Time frame: Week 2 to Week 14
Double Blind: Cohort 2: Percentage of Seizure Free Participants During the Maintenance Period
Percentage of participants who completed the study without any seizures is presented
Time frame: Week 2 to Week 14
Double Blind: Cohort 2: Percentage of Participants Who Experienced at Least One 28-day Seizure Free Period During Titration + Maintenance Phase
Percentage of participants who experienced at least one 28-day seizure free period is presented
Time frame: Up to Week 14
Double Blind: Cohort 2: Longest Percent of Time Spent Seizure-free During Titration + Maintenance Period
The longest period of time seizure-free was defined as the percent of the longest seizure-free period (days) divided by the days with available seizure data, and then multiplied by 100%.
Time frame: Up to Week 14
Double Blind: Cohort 2: Percent Change From Baseline in 28-day Seizure Frequency for Different Subtypes of Seizures During Titration + Maintenance Period
Seizure frequency was based on the number of seizures per 28 days, calculated as the number of seizures over the time interval multiplied by 28 and divided by the number of days in the interval. The analysis was conducted for Partial-Onset Seizure (POS) only which included seizure subtypes: Complex partial seizures (CPS), secondarily generalized tonic-clonic (SGTC) seizures, simple partial seizure with motor/observable component (SPS-Motor) and Simple partial seizure (SPS) without motor/observable component. Baseline 28-day seizure frequency was calculated as the number of seizures in the Baseline period (≤ 56 days) divided by the number of days with available seizure data in the Baseline period and multiplied by 28. Baseline was defined as non-missing value of last assessment before first dose.

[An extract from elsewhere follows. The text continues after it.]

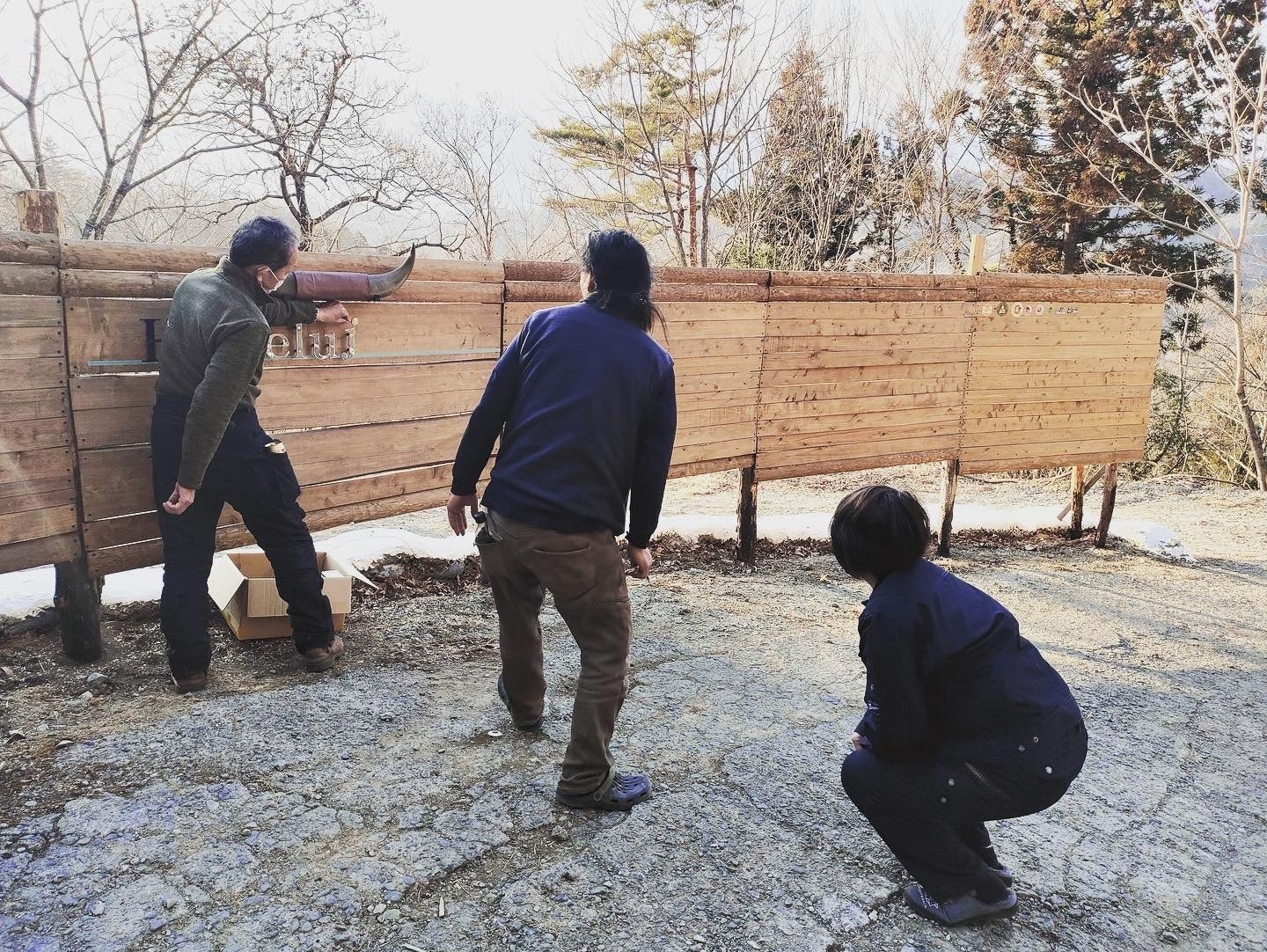 ついに晴家村のメインの看板の取り付けが終わりました!

Time frame: Baseline and Week 14
Double Blind: Cohort 2: Number of Participants With Patient Global Impression of Change - Improvement (PGI-I) at Week 8 and Week 14
The PGI-I scale was a 7-point Likert scale completed by the Patient or Caregiver representing the degree to which the participant's epilepsy symptoms had changed relative to Baseline. It was rated as 1. "very much improved"; 2. "much improved"; 3. "minimally improved"; 4. "no change"; 5. "minimally worse"; 6. "much worse"; 7. "very much worse". Higher score indicated worse condition. Baseline was defined as non-missing value of last assessment before first dose.
Time frame: Week 8 and Week 14
Double Blind: Cohort 2: Number of Participants With Clinical Global Impression of Change - Improvement (CGI-I) at Week 8
The CGI-I scale is a clinician-rated 7-point Likert scale used to assess the degree to which the participant's epilepsy symptoms have changed relative to Baseline. It was rated as 1. "very much improved"; 2. "much improved"; 3. "minimally improved"; 4. "no change"; 5. "minimally worse"; 6. "much worse"; 7. "very much worse". Higher scores indicated worse condition. Baseline was defined as non-missing value of last assessment before first dose.